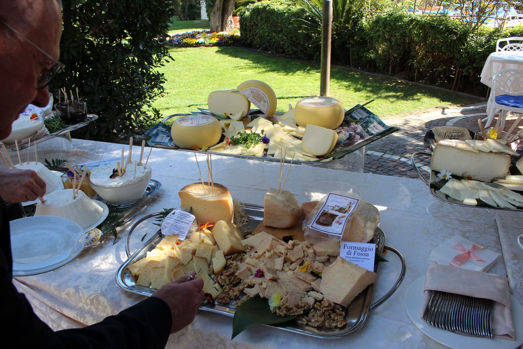 Il Coordinamento Territoriale Romagna al gran completo e la Delegazione della Repubblica di San Marino hanno organizzato il convegno “I formaggi in Romagna ed il loro uso in cucina”. Relatori d’eccezione Massimo Montanari, docente universitario Accademico Onorario di Imola, Renato Brancaleoni affinatore di importanza mondiale, Pietro Rocculi Docente Universitario, Giuseppe Guidi Presidente della Centrale del Latte della Repubblica di San Marino, Azienda di Stato e lo chef Antonio di Cesare. Relazioni di grande spessore culturale storico, tecnico e gastronomico, hanno catturato l’attenzione del 145 iscritti che hanno seguito con grande interesse gli argomenti trattati nelle esposizioni dei relatori. Dopo la parte teorica, una giornata perfetta, tersa e soleggiata, ma con temperatura gradevole, ha concesso di effettuare il buffet all’aperto con gran trionfo di prodotti tipici della Romagna, ma soprattutto con degustazione dei formaggi del territorio di qualità eccellente e sopraffina con riscontro positivo, compiaciuto ed estasiato dei gourmet intervenuti soprattutto per il formaggio di fossa. La Conviviale vera e propria si è poi svolta negli ambienti interni dell’Hotel Aurelia ed è stata caratterizzata da un clima gioioso e dal piacere di stare insieme.
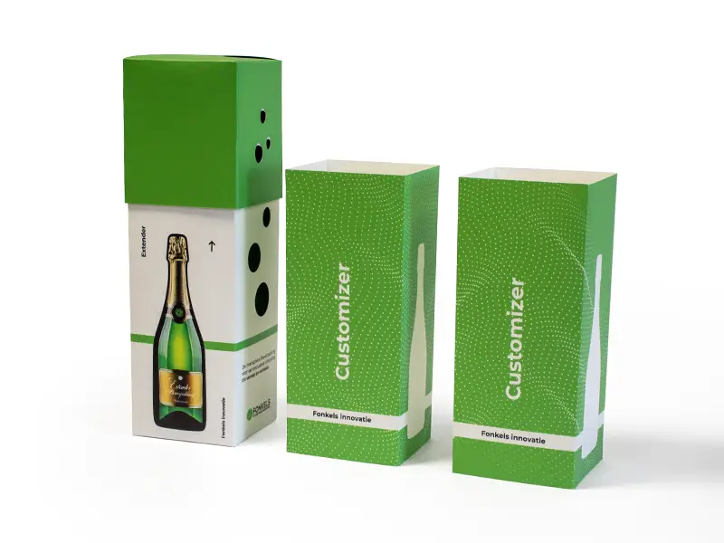 De Extender is een bijzondere kartonnen flesverpakking die opvalt door zijn slimme constructie en verrassende unboxing experience. De bovenzijde van de verpakking is naar boven te schuiven en opent zich dan vervolgens automatisch. De deksel is zelfsluitend wanneer deze omlaag wordt gedrukt. Dit zorgt voor een unieke en speelse open/sluit-ervaring, waarmee de Extender zich duidelijk onderscheidt van andere flesverpakkingen.
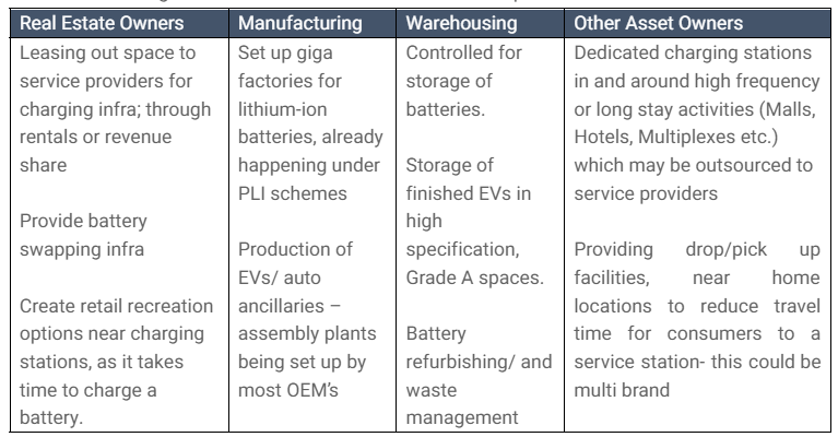 As it has been clear with the state and federal policies, the growth of EV is dependent on multiple eco-system factors, including real estate development rules, manufacturing and storage capabilities of OEM’s, as well as charging infrastructure. It therefore, creates opportunities across various segments of the value chain and we have captured some of these below:
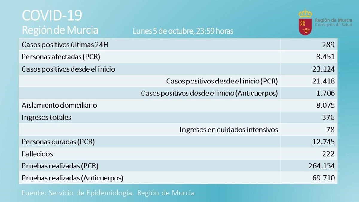 Tabla actualizada sobre la incidencia del Covid-19 en la Región de Murcia en las últimas 24 horas - CARM
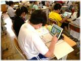 (写真上・中)5年1組 社会科:教科書に載っている二次元コードから自分の学習の復...
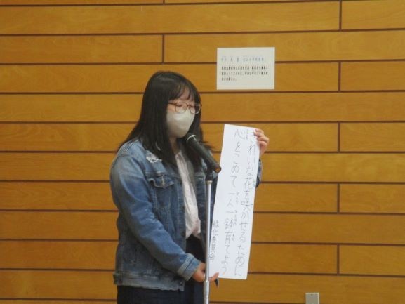 最後に緑化委員会から月目標の発表がありました。2月は「きれいな花を咲かせるために、心を込めて一人一鉢育てよう」です。今は株を大きくする時期です。つぼみを摘み取って栄養が株にまわるようにしていってくださいね。卒業式の会場はきっと皆さんが育てたパンジーできれいに彩られることでしょう。
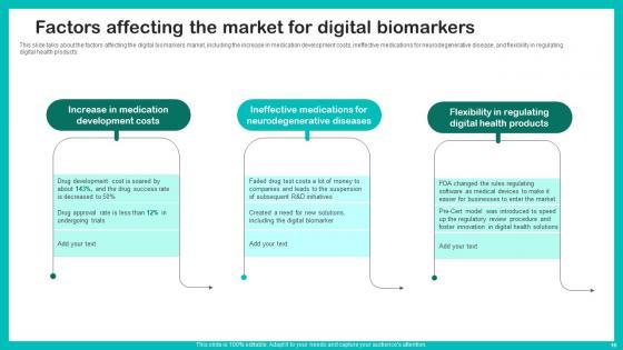 This slide talks about the factors affecting the digital biomarkers market, including the increase in medication development costs, ineffective medications for neurodegenerative disease, and flexibility in regulating digital health products. Find highly impressive Factors Affecting The Market Digital Biomarkers For Personalized Health Insights Sample Pdf on Slidegeeks to deliver a meaningful presentation. You can save an ample amount of time using these presentation templates. No need to worry to prepare everything from scratch because Slidegeeks experts have already done a huge research and work for you. You need to download Factors Affecting The Market Digital Biomarkers For Personalized Health Insights Sample Pdf for your upcoming presentation. All the presentation templates are 100 percent editable and you can change the color and personalize the content accordingly. Download now This slide talks about the factors affecting the digital biomarkers market, including the increase in medication development costs, ineffective medications for neurodegenerative disease, and flexibility in regulating digital health products.
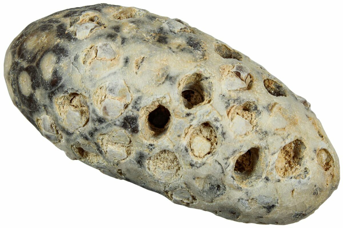 These seed cones found in the Western Sahara of Morocco have are a bit of a mystery and have not yet been described. They are often labeled is "pine cones" and there has also been speculation that they might be aggregate fruits or horsetail seed pods. But, most likely these silica-replaced (agatized) fossils are the seed pods of Cycadophytes. These fossil cones often bear the signs of insect predation, being partially eaten.
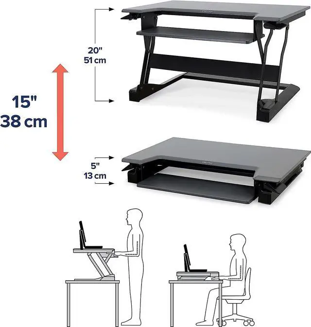 Easy, stable movement: Offers 15 inches of no-sway lift straight up and down; hand-brake lever allows for smooth, quick adjustments; keyboard and mouse tray moves in tandem with worksurface and is positioned 4.5 inches below it, maintaining proper ergonomic spacing
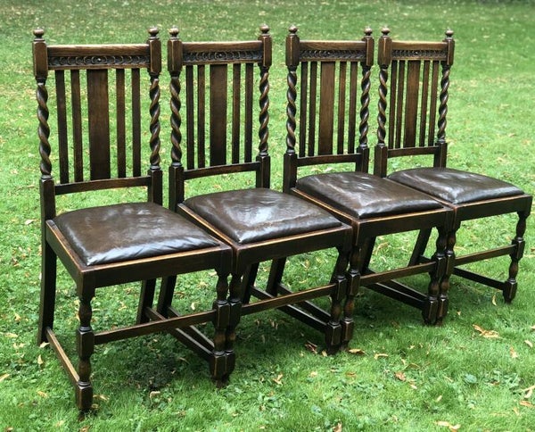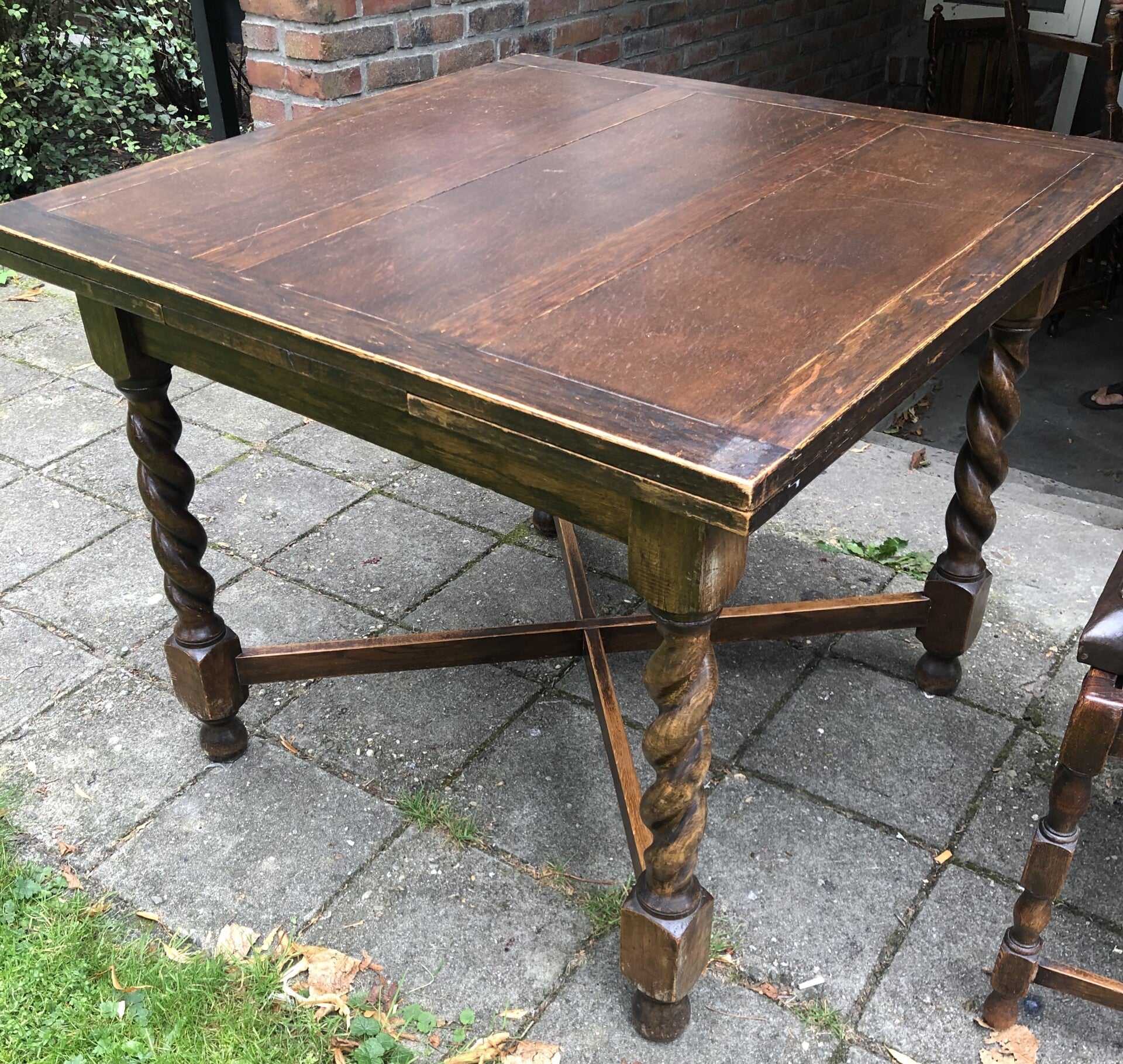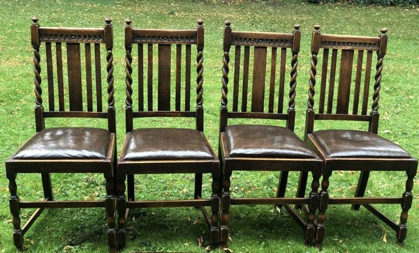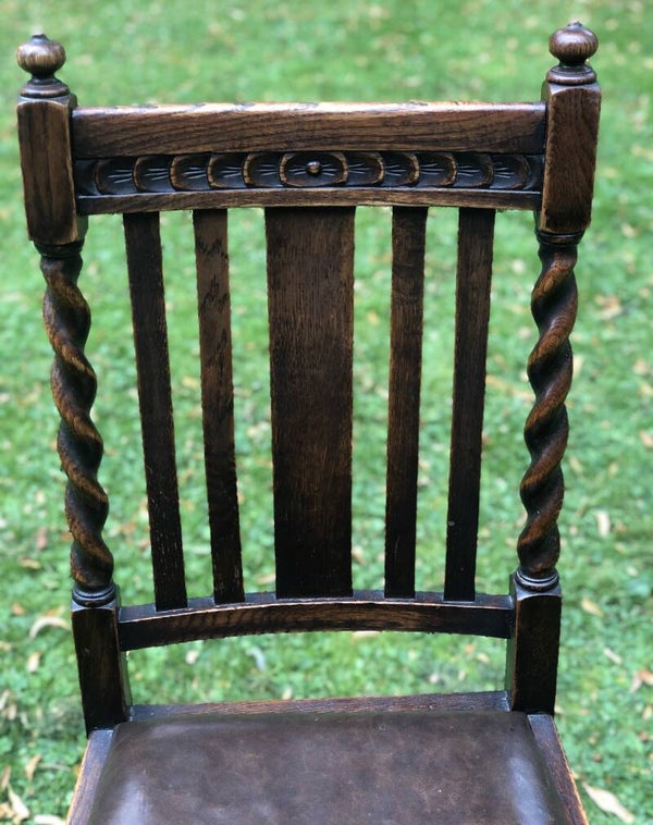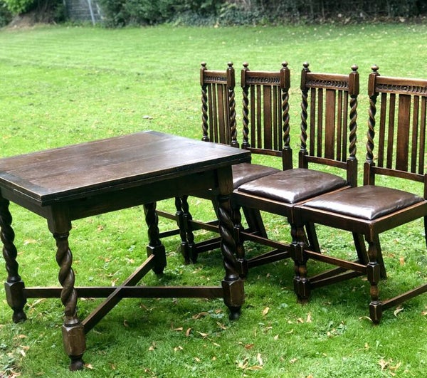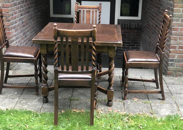 Engelse (draw leaf) eikenhouten trekblad dineertafel met bijbehorende leren stoelen allemaal in barley twist stijl. 1920-1940.
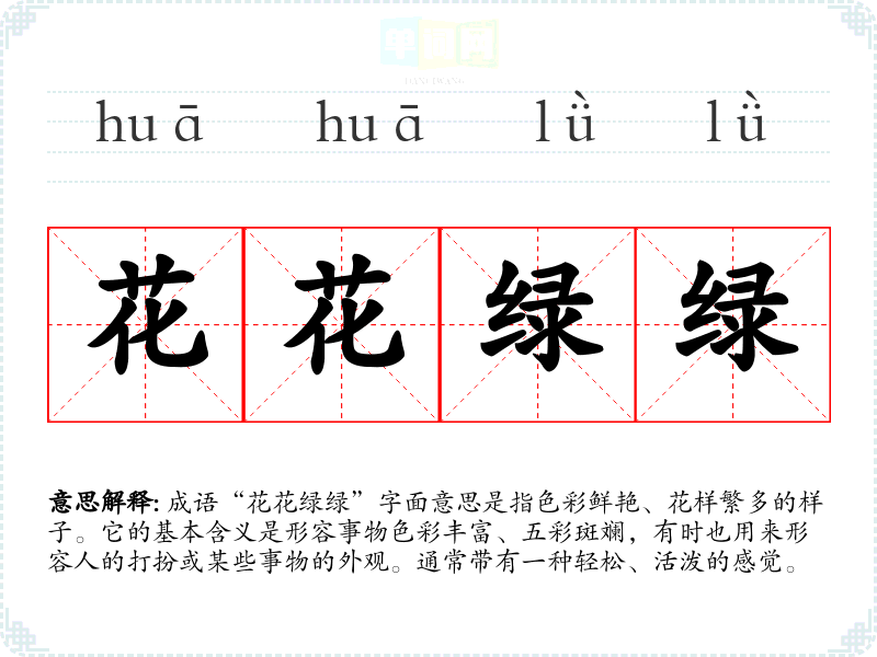 成语“花花绿绿”字面意思是指色彩鲜艳、花样繁多的样子。它的基本含义是形容事物色彩丰富、五彩斑斓,有时也用来形容人的打扮或某些事物的外观。通常带有一种轻松、活泼的感觉。
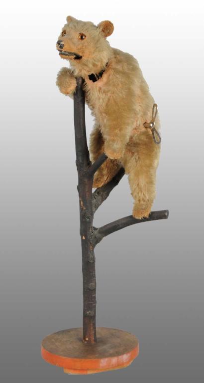 Description Fur covered with glass eyes and articulated mouth. Bear sits in 20" tall tree. When wound bear's head bobs and mouth opens. Key present. Condition (Excellent). Size Bear: 14" T.
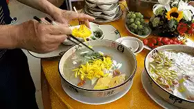According to local customs, before they get married, the gift presented to their in-laws must have a plate of carefully carved plums.
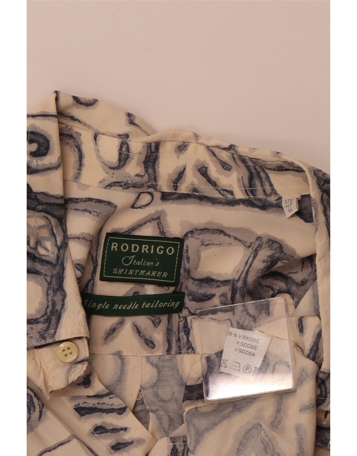 RODRIGO Mens Short Sleeve Shirt Size 17 1/2 44 XL White Geometric Viscose

# PROMPT
The output is the stretch above from the line with "(写真上・中)5年1組 社会" through the line with "最後に緑化委員会から月目標の", copied word for word with both ends kept and every picture dropped.

# SOLUTION FOR THIS TASK
 (写真上・中)5年1組 社会科:教科書に載っている二次元コードから自分の学習の復...
 最後に緑化委員会から月目標の発表がありました。2月は「きれいな花を咲かせるために、心を込めて一人一鉢育てよう」です。今は株を大きくする時期です。つぼみを摘み取って栄養が株にまわるようにしていってくださいね。卒業式の会場はきっと皆さんが育てたパンジーできれいに彩られることでしょう。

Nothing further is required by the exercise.